Top of DATASET RECORDS

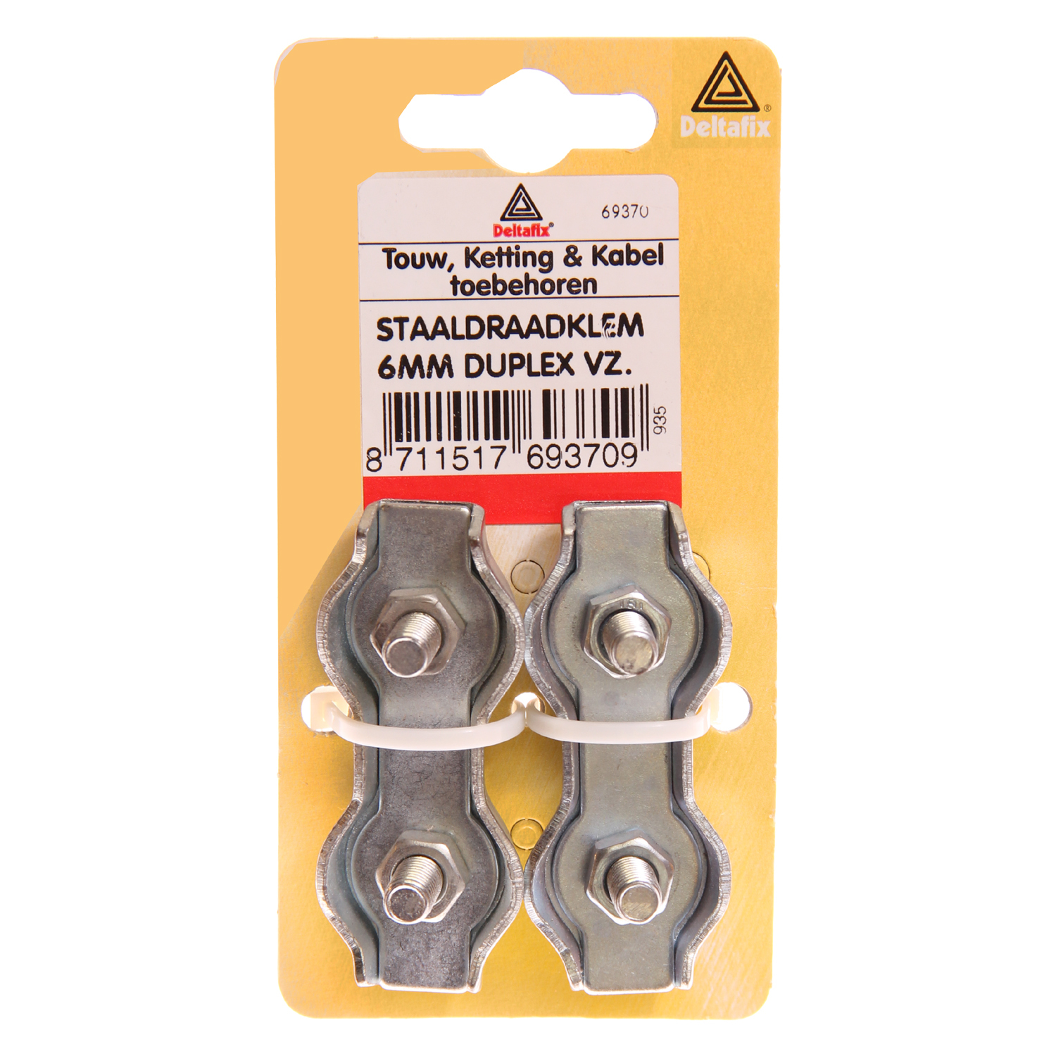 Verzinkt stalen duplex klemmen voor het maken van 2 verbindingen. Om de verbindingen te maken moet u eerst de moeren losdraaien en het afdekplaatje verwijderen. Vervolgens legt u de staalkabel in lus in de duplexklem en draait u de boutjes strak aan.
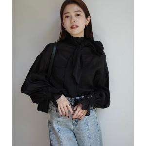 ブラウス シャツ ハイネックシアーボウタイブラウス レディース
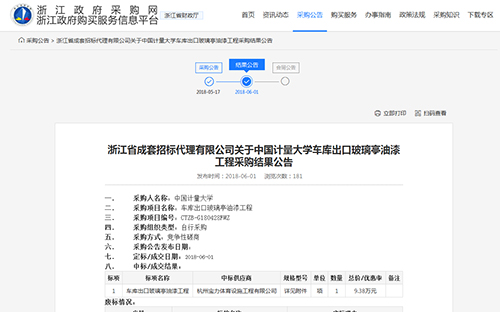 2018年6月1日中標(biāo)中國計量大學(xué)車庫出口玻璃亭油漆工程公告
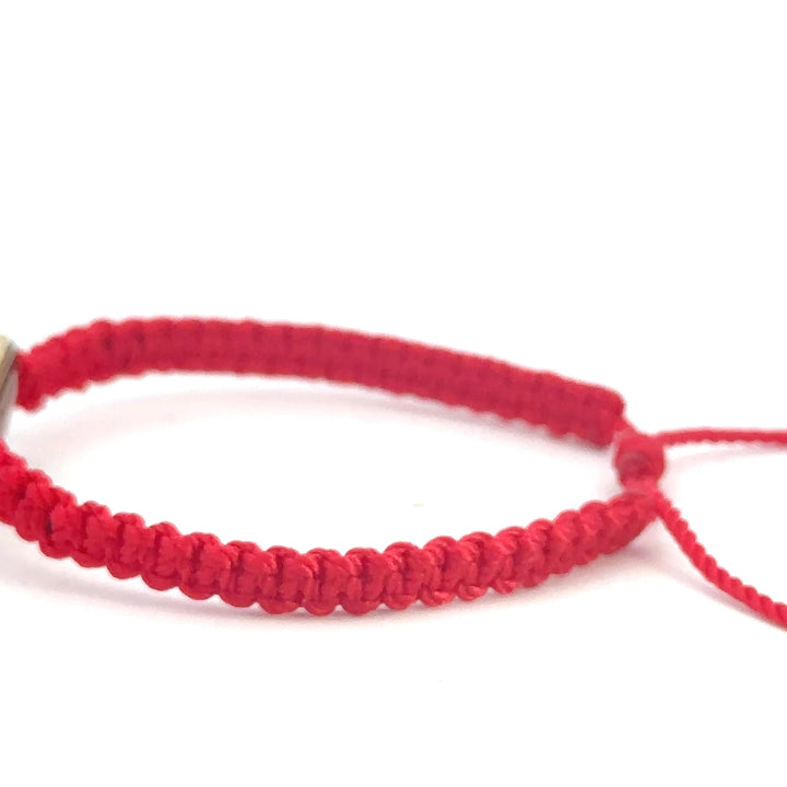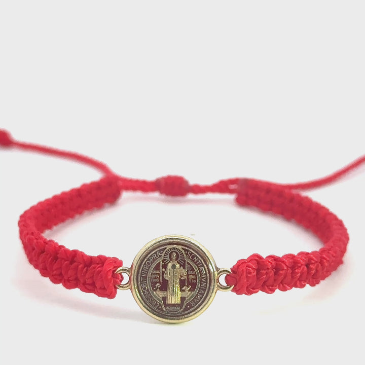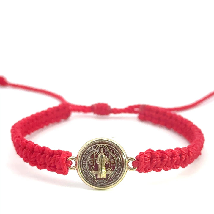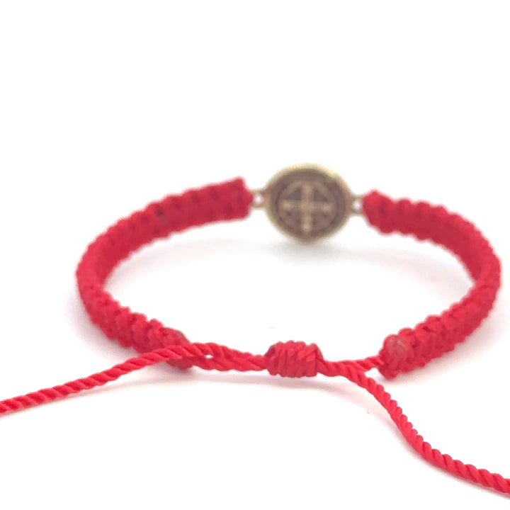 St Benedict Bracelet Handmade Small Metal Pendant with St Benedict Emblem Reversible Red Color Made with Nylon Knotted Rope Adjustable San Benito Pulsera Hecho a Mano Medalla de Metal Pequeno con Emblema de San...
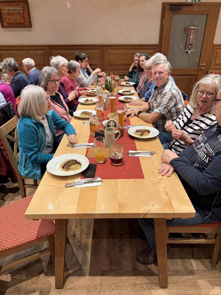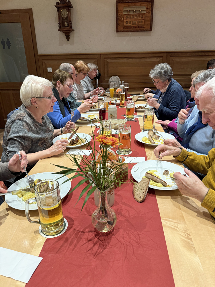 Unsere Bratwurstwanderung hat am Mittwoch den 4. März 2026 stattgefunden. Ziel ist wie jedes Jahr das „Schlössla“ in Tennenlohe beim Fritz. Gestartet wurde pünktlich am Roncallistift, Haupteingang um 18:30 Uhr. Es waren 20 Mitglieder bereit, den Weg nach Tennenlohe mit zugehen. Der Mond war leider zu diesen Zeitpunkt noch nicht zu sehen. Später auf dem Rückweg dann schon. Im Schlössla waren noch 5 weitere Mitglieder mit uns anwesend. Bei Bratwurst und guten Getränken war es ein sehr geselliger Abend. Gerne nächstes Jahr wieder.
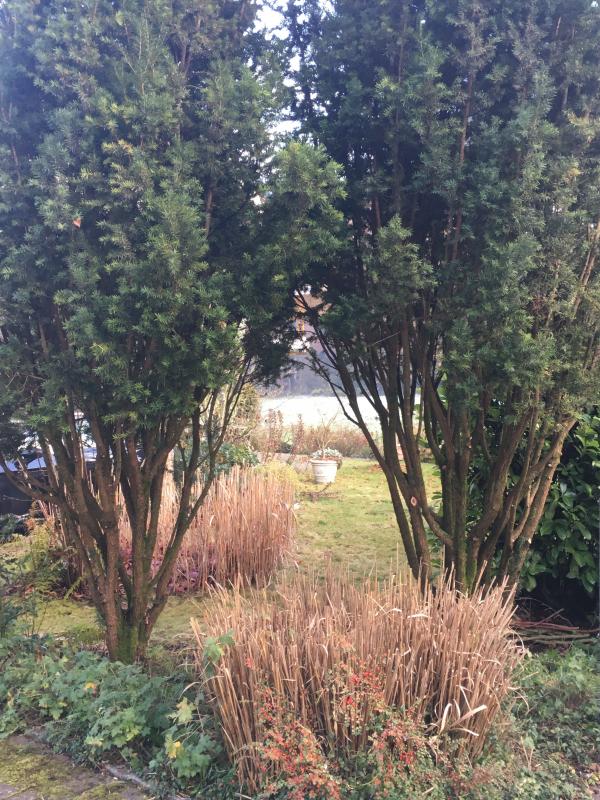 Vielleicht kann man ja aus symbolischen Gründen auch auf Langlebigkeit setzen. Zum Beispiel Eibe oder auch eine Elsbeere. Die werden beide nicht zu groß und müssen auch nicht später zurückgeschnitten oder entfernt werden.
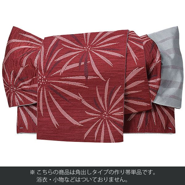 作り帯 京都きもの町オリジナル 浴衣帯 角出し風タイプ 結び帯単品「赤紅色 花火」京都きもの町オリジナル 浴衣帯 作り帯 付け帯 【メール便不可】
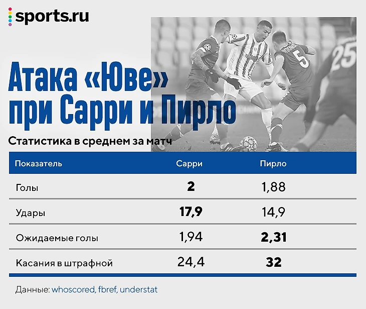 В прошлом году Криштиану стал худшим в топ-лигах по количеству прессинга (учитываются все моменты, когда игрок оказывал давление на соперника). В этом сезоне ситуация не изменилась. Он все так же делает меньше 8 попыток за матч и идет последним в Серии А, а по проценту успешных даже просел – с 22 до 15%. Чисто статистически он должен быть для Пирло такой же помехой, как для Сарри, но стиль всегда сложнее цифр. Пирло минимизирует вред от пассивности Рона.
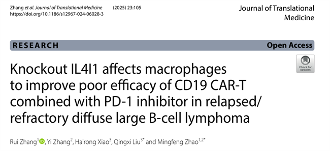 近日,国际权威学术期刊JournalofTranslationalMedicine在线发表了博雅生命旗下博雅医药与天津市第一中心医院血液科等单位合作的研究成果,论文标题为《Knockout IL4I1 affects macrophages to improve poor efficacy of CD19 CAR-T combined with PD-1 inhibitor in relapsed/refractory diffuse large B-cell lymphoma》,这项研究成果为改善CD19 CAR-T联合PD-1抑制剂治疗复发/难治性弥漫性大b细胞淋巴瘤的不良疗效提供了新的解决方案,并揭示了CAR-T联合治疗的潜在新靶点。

Bottom of DATASET RECORDS

Leaving every picture out, return the lines from the one containing "作り帯 京都きもの町オリジナル 浴衣帯" through the last line of the records exactly.

 作り帯 京都きもの町オリジナル 浴衣帯 角出し風タイプ 結び帯単品「赤紅色 花火」京都きもの町オリジナル 浴衣帯 作り帯 付け帯 【メール便不可】
 В прошлом году Криштиану стал худшим в топ-лигах по количеству прессинга (учитываются все моменты, когда игрок оказывал давление на соперника). В этом сезоне ситуация не изменилась. Он все так же делает меньше 8 попыток за матч и идет последним в Серии А, а по проценту успешных даже просел – с 22 до 15%. Чисто статистически он должен быть для Пирло такой же помехой, как для Сарри, но стиль всегда сложнее цифр. Пирло минимизирует вред от пассивности Рона.
 近日,国际权威学术期刊JournalofTranslationalMedicine在线发表了博雅生命旗下博雅医药与天津市第一中心医院血液科等单位合作的研究成果,论文标题为《Knockout IL4I1 affects macrophages to improve poor efficacy of CD19 CAR-T combined with PD-1 inhibitor in relapsed/refractory diffuse large B-cell lymphoma》,这项研究成果为改善CD19 CAR-T联合PD-1抑制剂治疗复发/难治性弥漫性大b细胞淋巴瘤的不良疗效提供了新的解决方案,并揭示了CAR-T联合治疗的潜在新靶点。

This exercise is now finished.